Но, как всегда бывает при внезапном сильном потрясении, в душе у Мары что-то надломилось. В первые дни после несчастья она не подпускала мужа к себе и близко.
— И что ты за человек? Зверь ты, вот кто! — ругала его Мара, которая была всегда так внимательна со всеми, а тем более с ним.
Она была маленькой девочкой, когда погиб ее отец, и перенесла его смерть легко. Она даже потом укоряла себя за это. Может быть, так вышло потому, что Мара не видела его в гробу, как своих дядей. И только теперь накопившаяся за все эти годы тоска по отцу прорвалась наружу. Она оплакивала всех четырех сразу, но никто этого не мог понять. Это была страшная рана, чуть дотронься — взвоешь от боли. А Дянко не понимал этого и все ждал, что вот рассеются черные тучи скорби и его любимая вновь бросится к нему в объятия, ища утешения. Так ведь бывает в дни печали со всеми женщинами.

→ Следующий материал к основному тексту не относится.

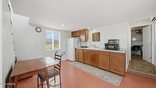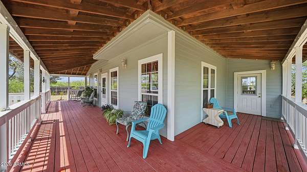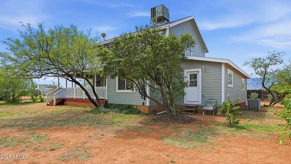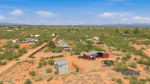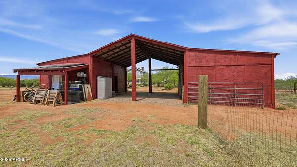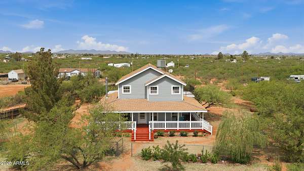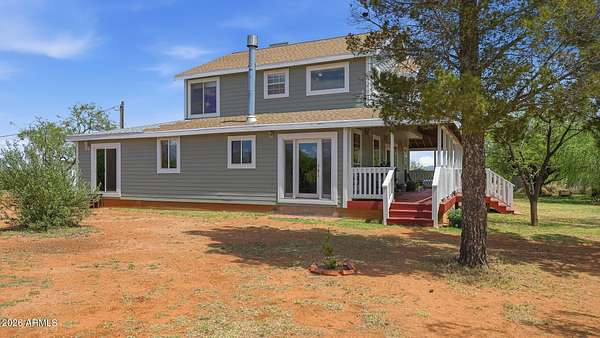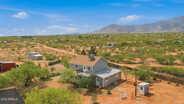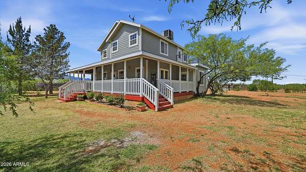 On 4+ acres, this NEWLY RENOVATED farmhouse style home, features a stunning wrap around porch, is any homesteader, gardener, or equine enthusiast's dream! Main floor is an open concept living room, eat in kitchen, and formal dining room. Main floor bdrm has outside entrance, laundry room, full BA and an office. 2nd floor has a large primary bdrm suite with a balcony to see the stunning mountain views! Property includes a 2 bdrm, 1 BA guest house that could be a rental! Has 2 stall barn with workshop, large enough for covered parking, enclosed chicken run. Has round pen, 2 RV hook ups, 25+ shade/fruit trees, irrigated/enclosed garden, green house, irrigated area for large crops, grapes w/lovely arbor, 90% of landscaping is on watering system. Too many new renovations to list! A MUST SEE! Features stunning views of the Huachuca Mountains and located less than 20 miles of Fort Huachuca. Ask your agent for the complete, very long list if additions and renovations.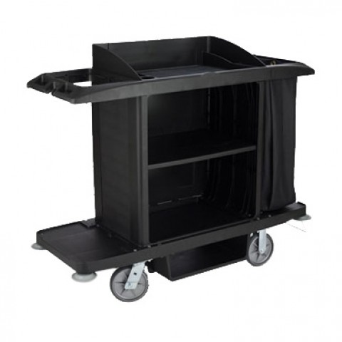 Xtra™ Housekeeping Cart, 60"L x 22"W x 50"H, full size cart with vinyl bag, vacuum holder, under deck shelf, rotating non-marking bumpers, assembly required, black, Made in USA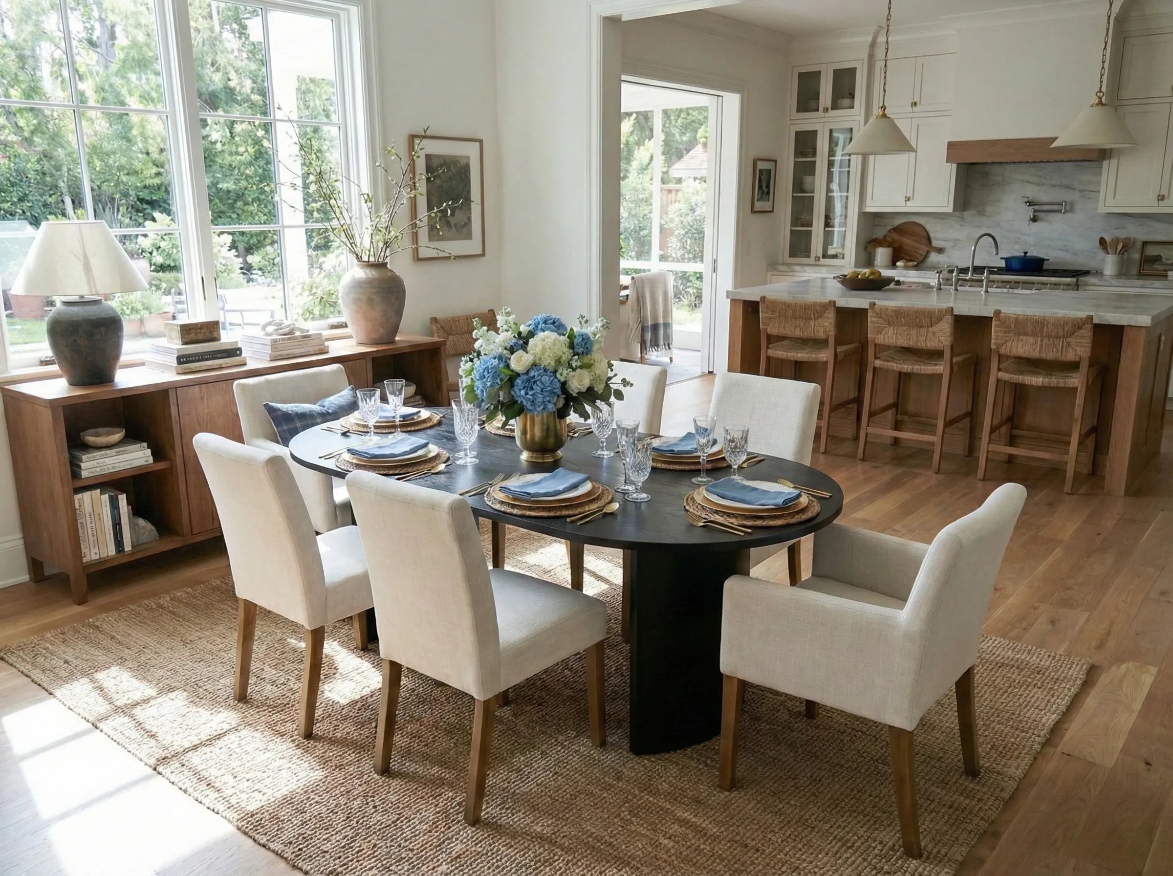 This complete dining set blends natural materials with modern design to create a bright, welcoming dining space. The 79" oval table is crafted from high-density manufactured wood with a smooth paper veneer, offering generous surface area to comfortably seat up to eight people. Its modern oval silhouette visually opens up the room, making it ideal for open kitchens and dining areas. The table legs can be installed in two different configurations, allowing you to tailor the look to your personal style. Paired with six upholstered chairs, the set delivers everyday comfort with premium linen-blend upholstery that feels soft, breathable, and refined. Natural rubberwood legs provide sturdy support and a warm, organic finish, while the ergonomic high back—slightly wider and gently curved at the top—offers a supportive, body-hugging feel for relaxed, lingering meals.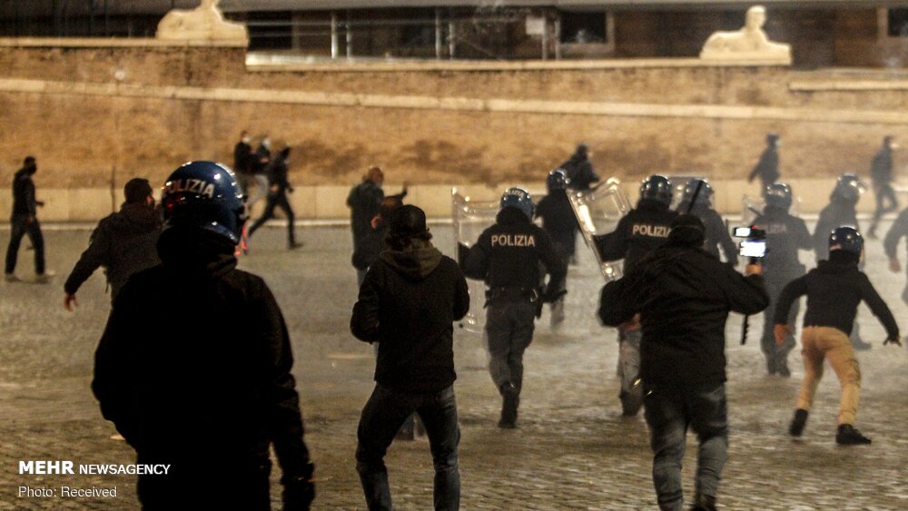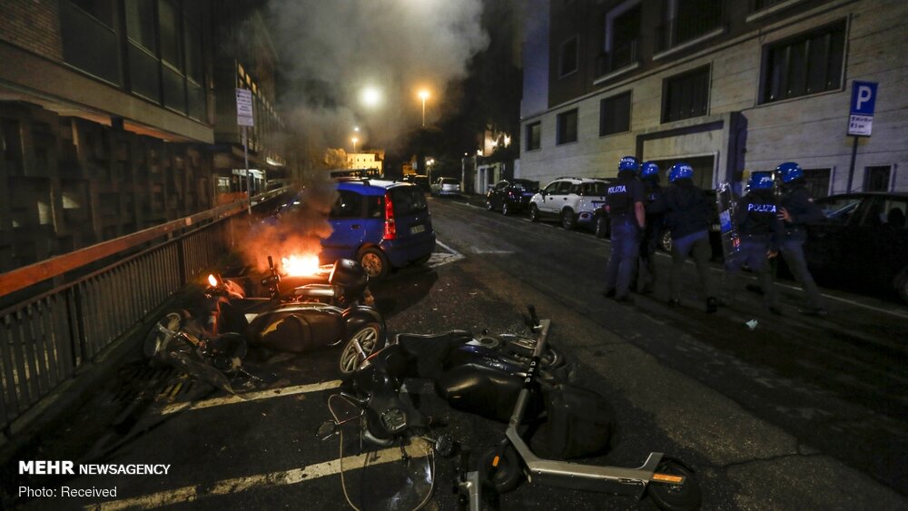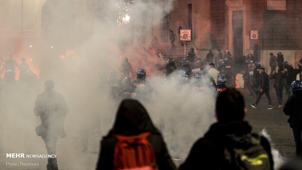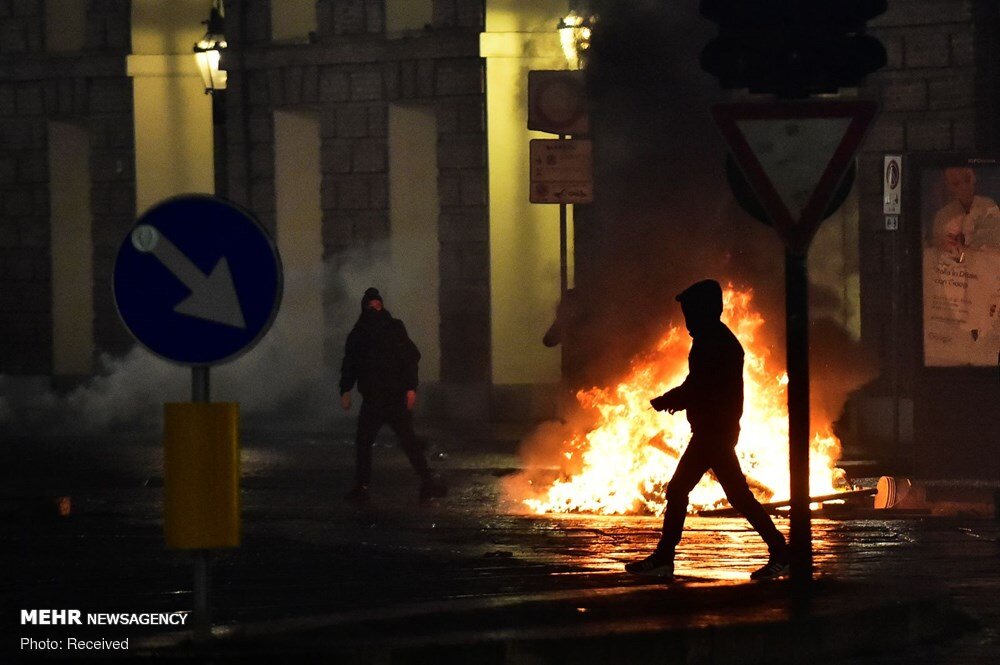 اعتراض گسترده و خشن در ایتالیا علیه سخت گیری های کرونایی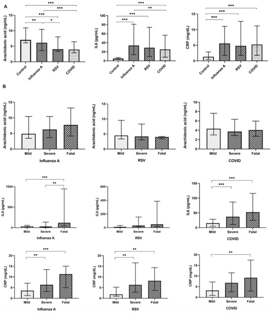 Bar plot representation illustrating the serum concentrations of arachidonic acid, interleukin-6, and C-reactive protein in healthy controls (n = 104), Influenza A patients (n = 172), respiratory syncytial virus patients (n = 80), and COVID-19 patients (n = 217), categorized by viral pathogen (A) and disease severity (B). The top and bottom lines of bars are the 25th and 75th percentiles, respectively, and the line in the middle of the bar is the median. Significance levels: * p < 0.05; ** p ≤ 0.01; *** p < 0.001.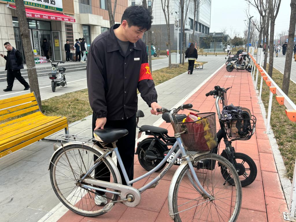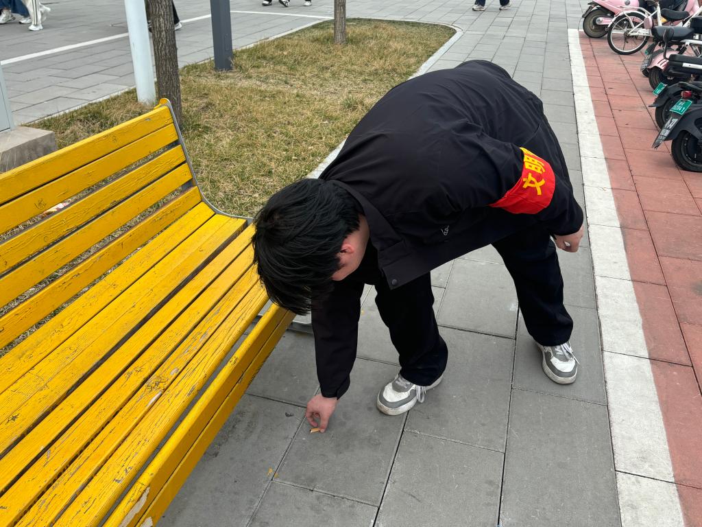 活动现场,志愿者们沿着校园主干道、绿化带、教学楼周边、食堂及宿舍区域细致排查,弯腰捡拾烟头、纸屑、塑料袋等垃圾杂物,不放过卫生死角,以“小行动”守护“大环境”。在共享单车停放区,志愿者们将歪斜、倒地的车辆逐一扶正,按照统一朝向规范摆放,对乱停乱放车辆进行有序归位,让原本杂乱的停放点变得整齐美观,既方便师生出行,也提升了校园整体风貌。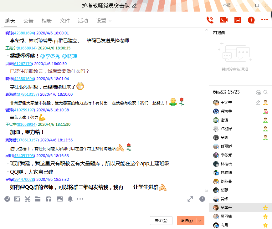 今年上半年,由于新冠疫情的影響,老師與學生均隔離在家,“護考教師黨員突擊隊”克服困難,創(chuàng)造條件,組成了七個輔導小分隊,每個小分隊由兩位黨員教師為10~11名學生進行線上輔導,通過每日線上打卡、線上答疑、直播講解等方式,為學生梳理知識重難點,督促學生及時復習,并通過隊員小比賽,互為小老師等方式激發(fā)學生的學習興趣與信心,提高學習效果,護考培訓取得階段性效果。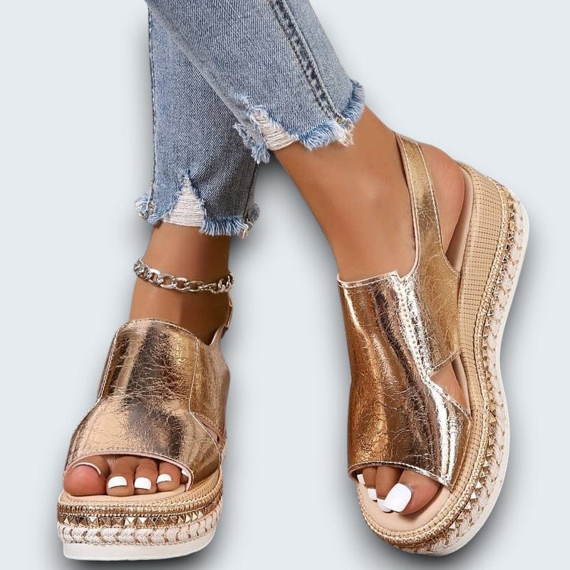 These sandals feature a contoured orthopedic sole that cradles your feet while adding a little lift and a shiny Star-like pattern. Whether you're strolling the city streets or dancing under the stars, every step feels effortless.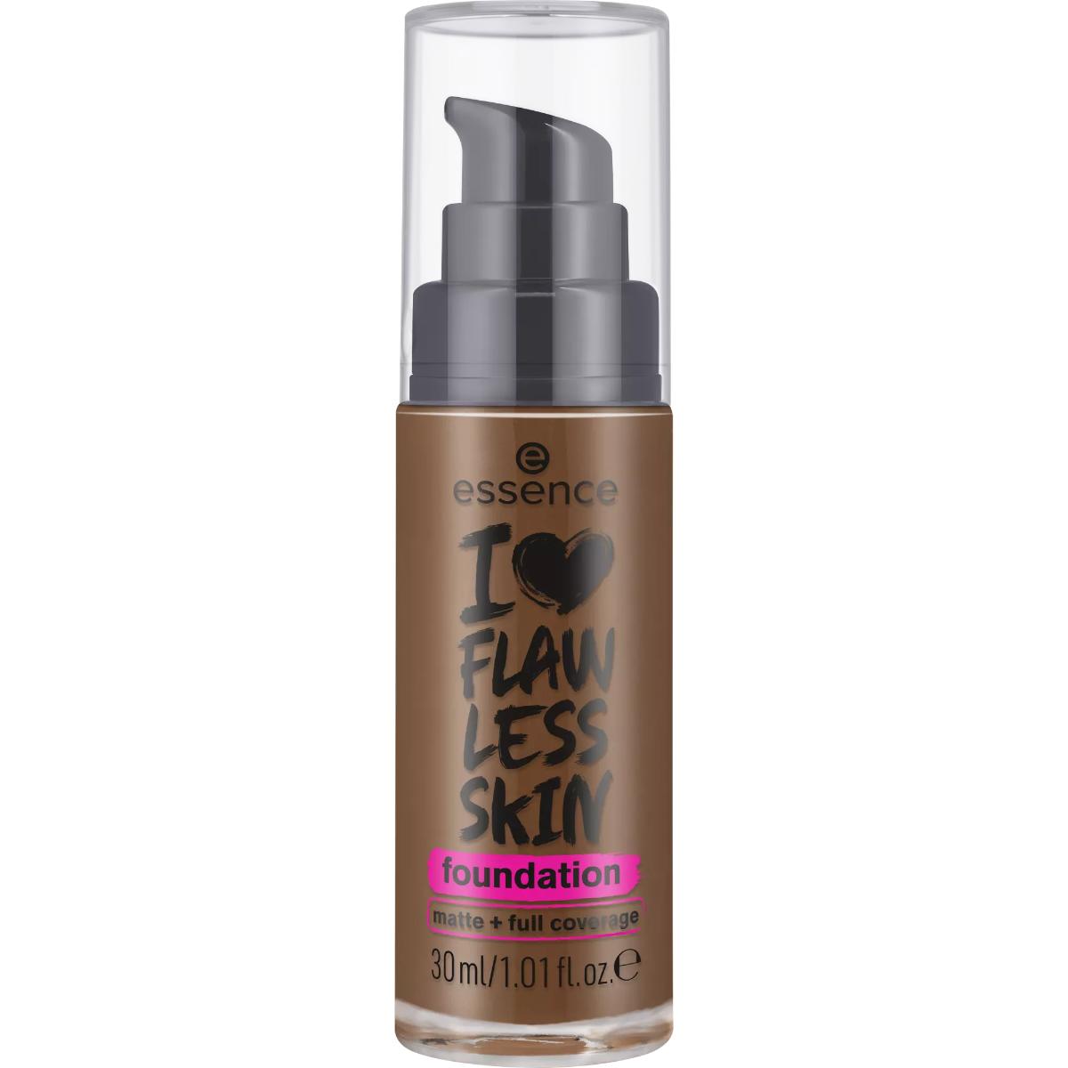 Perfect your skin tone with the essence I LOVE FLAWLESS SKIN foundation 200 Dark Deep. Despite its light texture, it offers a high coverage and leaves your skin with a natural matte finish without clogging your pores. And what’s even better, the SPF 20 protects your skin – perfect for a summery make-up look.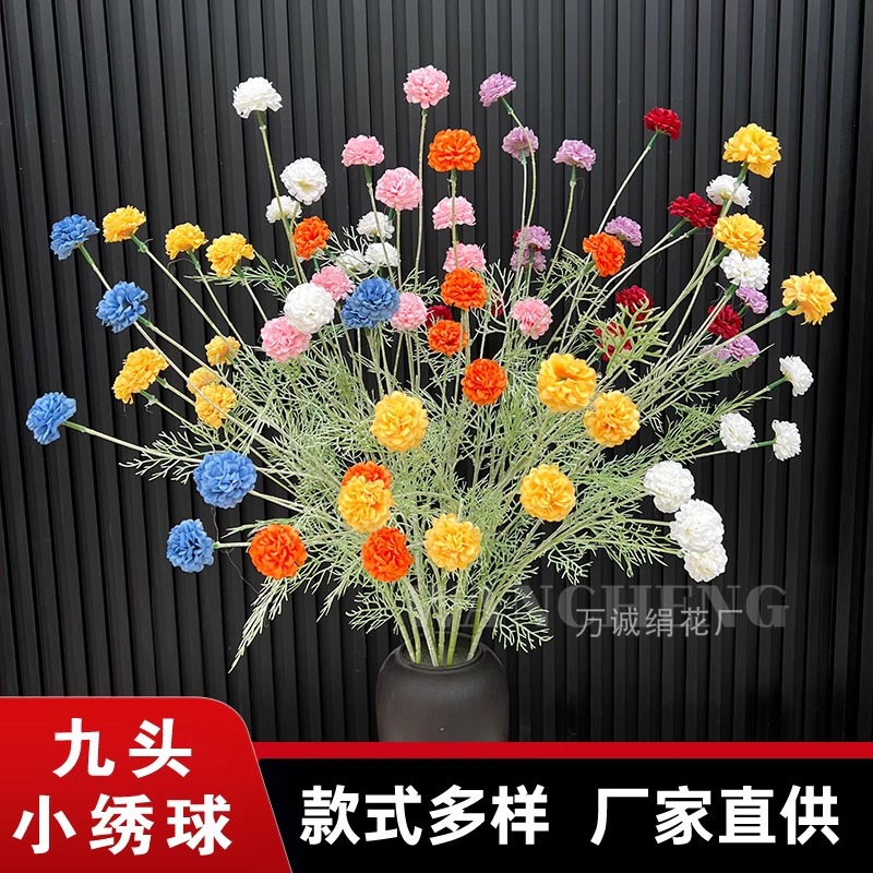 9つの小さなアジサイ造花、結婚式の花、卓球ボール、菊のフラワーアレンジメント、造花の装飾、結婚式のシルクフラワー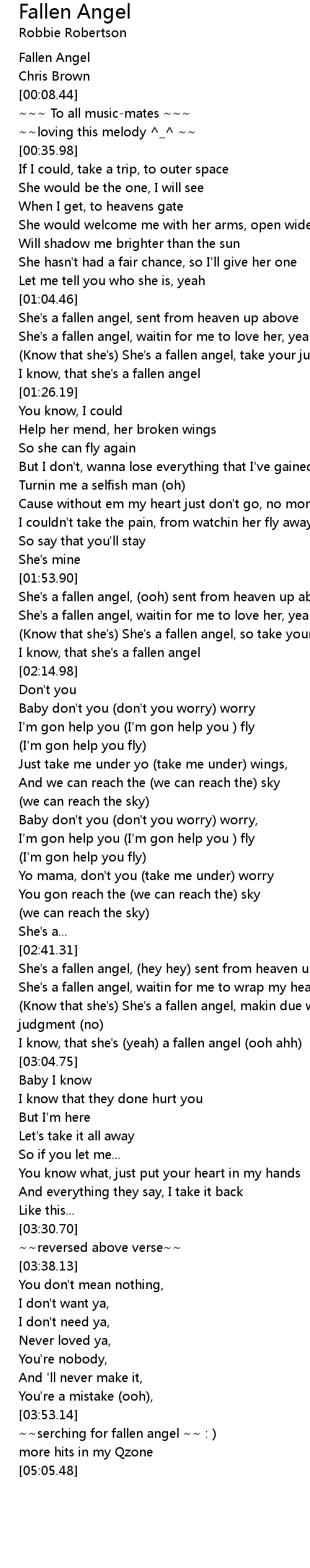 She's a fallen angel, waitin for me to wrap my heart around her, know |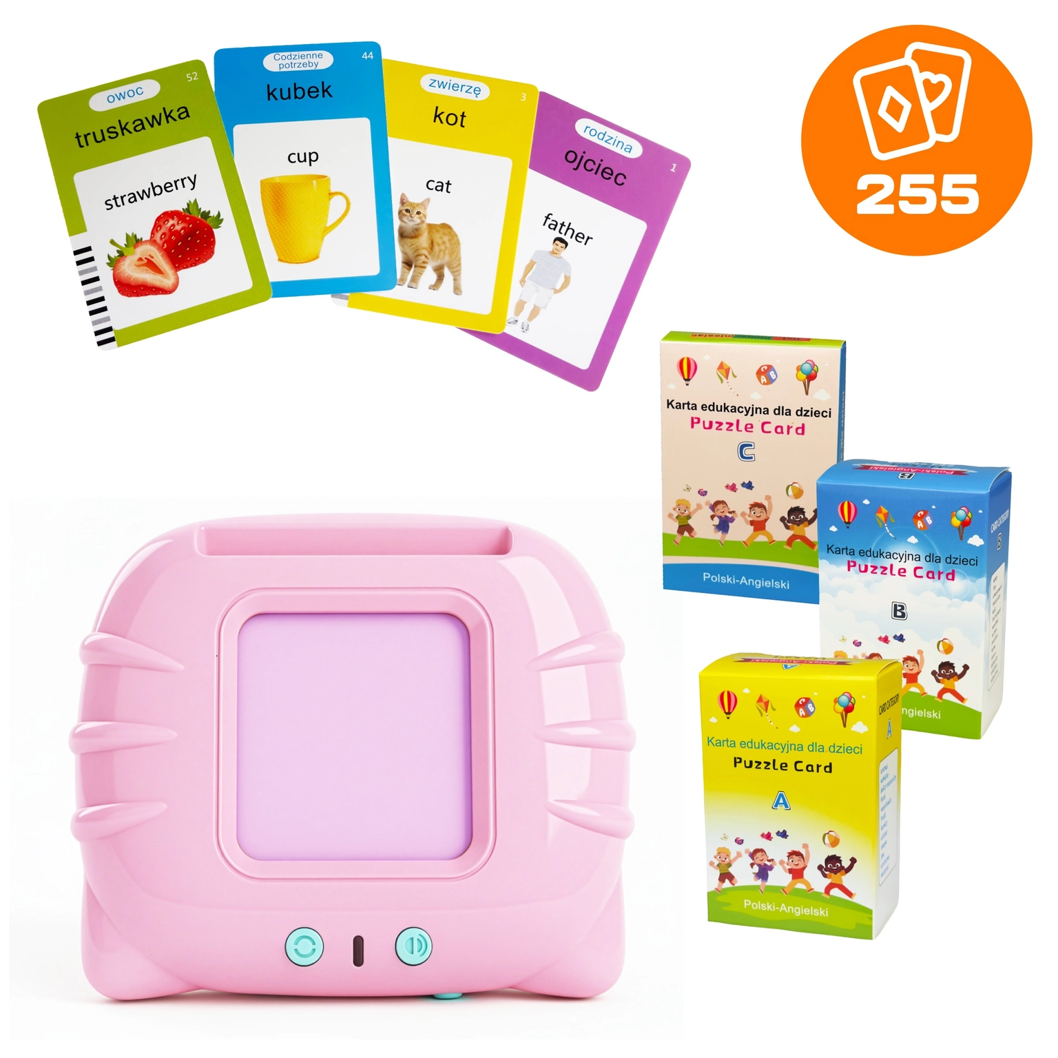Your little one can start their foreign language adventure naturally and enjoyably! The EduReader educational card reader is a modern toy that combines vocabulary learning with entertainment. With 255 colorful cards, children learn up to 1020 words in Polish and English, and simple operation and interactive features make learning a pleasure. The product supports concentration, memory, and pronunciation, helping children develop linguistically from an early age.

Но с Марой было не так. Вот уже четыре месяца она жила, замкнувшись в себе, заперев свое сердце на семь замков. Он заботился о ней, как мог, хотел облегчить ее горе, дрожал над ней, как над малым ребенком, старался ее обласкать, пробудить в ней интерес к жизни, к работе, перелить в нее свою жизнерадостность, поставить ее на ноги. Но все напрасно. Она больше при нем не плакала, но и не разговаривала с ним. Молчала часами, днями, сутками. Ее глаза были сухи, сухие губы еле шевелились, когда нужно было что-нибудь сказать. Иногда она спала отдельно, а если и ложилась с мужем, то все равно не ощущала его близости, для нее он словно перестал существовать. Женщина в ней умерла, осталась одна боль да мука. От одного его прикосновения ее бросало в дрожь… Она сама не представляла себе, что горе может так сломать человека. Иногда ей делалось плохо. Дянко хотел показать ее врачам, но она отказывалась.
— Это не болезнь… Это совсем другое… — говорила Мара, а он терялся и оставлял ее в покое.
Может быть, она так и умерла бы с горя, если бы не это другое…
Она избегала всего, что напоминало ей о смерти дядей. Но не могла заставить себя не думать о том, что в сердце ее оборвались какие-то нити, которых не соединить, не связать, как ни старайся…
Не свяжешь, нет, как не восстановить разорванные нити паутины… Только паук… паук скорби и горя заткал ее душу, и не было сил выбраться из его сетей. Она чувствовала себя пчелой, случайно попавшей в лапы чудовища-паука. Как ни жужжи, как ни барахтайся, ей никогда не высвободиться из его сетей…
Весна в этом году была поздней. Как будто завод перепутал и времена года. Не только в марте, но и в апреле еще шел снег. Мара и в этом видела что-то роковое для себя, ей казалось, что это не к добру. К ней весна постучалась в последнюю очередь. Однажды она повела свой класс на прогулку. От нее не могло укрыться, что ее скорбь отражалась и на детях, им было трудно с нею.
Куда повести ребят? Много лет подряд учителя водили детей в Челебийский лес. Там они собирали цветы, но сейчас там было пусто и голо. На месте Челебийского леса вместо высоких зеленых деревьев громоздились бетонные каркасы будущих строений. Вместо весеннего запаха фиалок ветер доносил удушливую вонь бензина и нефти.
Мара, вся в черном, повела детей к Могиле, где стояла железнодорожная будка бай Дафина. Могила, как называли большой курган, тоже была голой, а на ее вершине, словно поднятый кулак, торчала пирамида электротрансформатора.